Who were David Starr Jordan and Louis Agassiz?
David Starr Jordan (1851-1931) was a prominent ichthyologist and Stanford’s first president. He made important contributions to the university, including leadership during an early financial crisis and the aftermath of the 1906 earthquake. But he was also a leader in the American eugenics movement, which promoted controlled reproduction based on heritage.
Louis Agassiz (1807-1873) was a renowned scholar of natural history who also promoted polygenism, which holds that human racial groups have different ancestral origins and are unequal. He was a mentor to Jordan but has no significant association with the university.
What is the origin of this issue?
The university received requests from the faculty of the Department of Psychology, which is located in Jordan Hall, and the Stanford Eugenics History Project, a group founded by Stanford undergraduate Ben Maldonado, asking that the building be renamed. The Psychology faculty also requested the removal of the statue of Agassiz from the building’s front façade.
How was the committee selected?
President Marc Tessier-Lavigne appointed the Advisory Committee on Renaming Jordan Hall and Removing the Statue of Louis Agassiz in July and charged it with delivering recommendations before the beginning of fall quarter. Committee members were charged to represent the best interests of the entire university and be open to multiple perspectives. They were not selected to represent any particular constituencies, but rather to consider issues impartially.
What analysis was conducted?
The committee met weekly, engaging in extensive research, from July 17 through Sept. 11, 2020. To make its own independent assessment of the strength and clarity of historical evidence, the committee reviewed relevant historical material and verified information by consulting primary materials. It focused principally and substantially on Jordan’s own writings, examining both published and unpublished materials.
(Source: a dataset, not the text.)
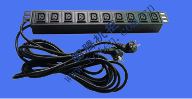 黑色10位国标PDU,10A国标三扁插头输入,IEC320 C13插座10A输出,无开关,线长3M,左端双路输入,19"正方向安装
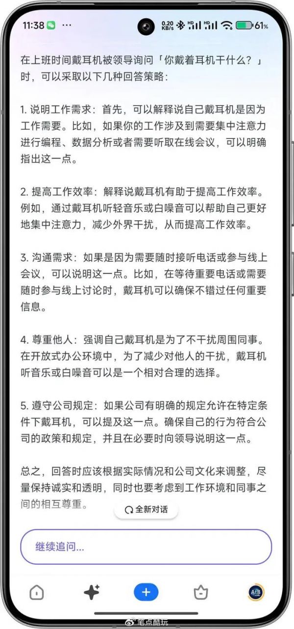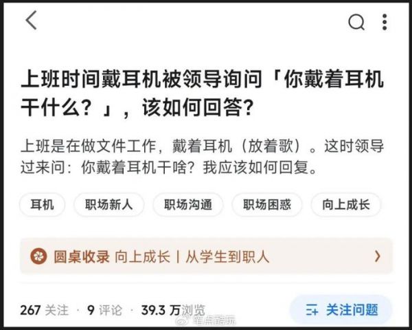 比如之前刷到的一个“职场题”:《上班时间戴耳机,被领导询问:你戴耳机干什么?你应该如何回答?》

The committee followed principles developed in 2018 to consider the renaming of campus features generally. The principles include such considerations as the strength and clarity of the historical evidence, the person’s role in the university’s history, the centrality of a person’s offensive behavior to the person’s life as a whole and the university community’s identification with the named feature. Then it applied those principles to the requests concerning Jordan and Agassiz and forwarded recommendations to President Tessier-Lavigne.
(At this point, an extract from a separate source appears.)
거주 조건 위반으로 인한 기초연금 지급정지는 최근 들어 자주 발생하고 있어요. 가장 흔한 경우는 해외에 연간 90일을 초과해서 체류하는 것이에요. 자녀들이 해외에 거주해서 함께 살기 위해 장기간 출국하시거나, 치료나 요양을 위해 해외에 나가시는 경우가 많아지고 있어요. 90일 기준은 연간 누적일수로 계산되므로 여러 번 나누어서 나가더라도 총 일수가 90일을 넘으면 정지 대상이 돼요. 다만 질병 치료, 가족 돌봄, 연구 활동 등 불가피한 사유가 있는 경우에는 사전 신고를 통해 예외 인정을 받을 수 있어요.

What outreach was conducted?
The committee solicited extensive feedback in order to inform its deliberations and recommendations.
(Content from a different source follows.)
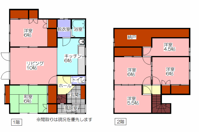 - 6SLDK / 1階:10リビング+キッチン+6洋+6洋 2階:6洋+6洋+5.5洋+4.5洋+納戸

It hosted a Zoom open town hall, which had 206 attendees and more than 20 speakers, and a separate town hall for alumni, with 100 attendees and 18 speakers. It engaged in specific outreach to those who had majored in biology and psychology, the principal departments that have occupied Jordan Hall in the past century; met with biology and psychology faculty and others working in genetics and bioethics; and consulted with several historians working at Stanford on related subjects. And it sought and considered written comments from the community, including 52 comments from the Psychology Diversity Committee and more than 200 comments received through campusnames@stanford.edu.
What decision has been made?
Although renaming decisions fall under the president’s authority, he brought the recommendations to the Board of Trustees for additional approval because of the historical importance of Jordan to the university.
Acting on that request, the board approved the removal of the Jordan name from Jordan Hall and from other features named for him. It endorsed the removal of the Agassiz statue from its current location and the committee’s recommendation to pursue educational projects to help make Jordan’s complex history better known.
What are the next steps regarding the features named for Jordan?
Debra Satz, whose responsibilities as dean of the School of Humanities and Sciences include the Department of Psychology, will institute a process to determine a new name for Jordan Hall, whether it be an individual’s name or a name based on other considerations. Some buildings in the Main Quad are named for individuals, others are named for subjects or disciplines, and some are not named at all. Satz will bring her recommendation to the president and provost.
In the meantime, the university will remove the Jordan Hall lettering from the building as soon as practicable, along with the Agassiz statue, and the building will be referred to by its number in the Main Quad, Building 420.
Tessier-Lavigne will implement the other recommendations from the report, including establishing a process for identifying replacement names for the other features named for Jordan, if needed. The committee noted that Jordan Way, a pathway in the medical center area, has less salience than the other spaces named for Jordan and recommended that its name be changed in the course of normal university planning.
Why will the statue be relocated on campus and not removed from public display?
The committee recommended removing the Agassiz statue from Jordan Hall but retaining it elsewhere on campus because of its particular significance in the Stanford community. A prominent example is the iconic imagery showing the statue’s head stuck in concrete after being dislodged in the 1906 earthquake. As a result, the statue also has been used as an educational example demonstrating important principles in rock rheology (the study of the strength of Earth materials).